James fends off the Red Pyramid Head’s advances. This sequence however, the player is actively participating rather than passively watching a cutscene.

Creatures are a necessity in survival horror; it is what creates the gaming aspect. They’re the challengers of survival and progress. Again, we know that they’re not real, but because we increase our input into the protagonists and imprint our personalities to a certain degree, we have a greater need to keep see them stay alive. Technically, we also keep them alive for our own personal progress; a game’s underlining objective is for us, the player, to complete it. So the theory of assimilating physical monsters with a traditional storyline may have been created indirectly, but this doesn’t mean it’s an avenue that is passed over during examination.

As mentioned in the Western horror section of this chapter, we sometimes care little for characters being killed off as we have a selection of protagonists (including the final girl), to carry the story on from their perspective. With survival horror, as well as FPS games, the narrative structure relies on just one character – the player’s avatar. Without the protagonist, the game ceases to move forward, hence “Game Over”. In any of the Silent Hill games, the story is solely from the protagonist’s perspective; the NPC’s actions are rarely seen outside the player’s restrictive viewpoint. One of the few exceptions that follow cinematic rule is Forbidden Siren, where the shattered timeline narrative shifts between eight major perspectives.

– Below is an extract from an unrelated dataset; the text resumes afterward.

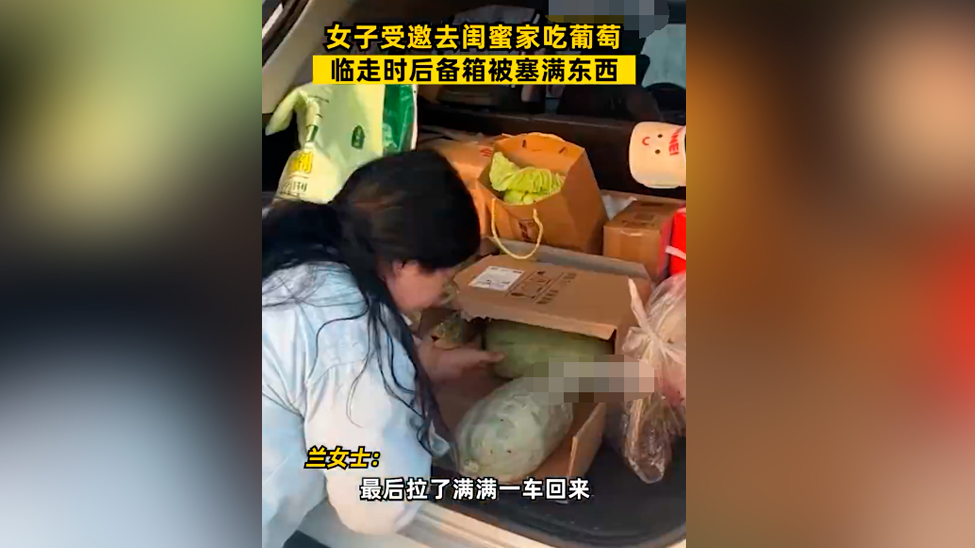 视频 | 女子受邀去闺蜜家游玩 临走时后备箱被塞满东西

Our connection with the protagonists/avatars is built up quicker than in film due to our intensive gaze over a longer period of screen time. Of course, we need this character to progress the story, but without proper investment, we can lose interest. Without the right development, we find ourselves taking up the same view of what this paper is arguing against. When it’s done correctly, as we’ll see in the later case study, games can create memorable adult characters that transcend the cartoon forms of Sonic The Hedgehog, Kirby, Dizzy, Mario and Luigi, etc.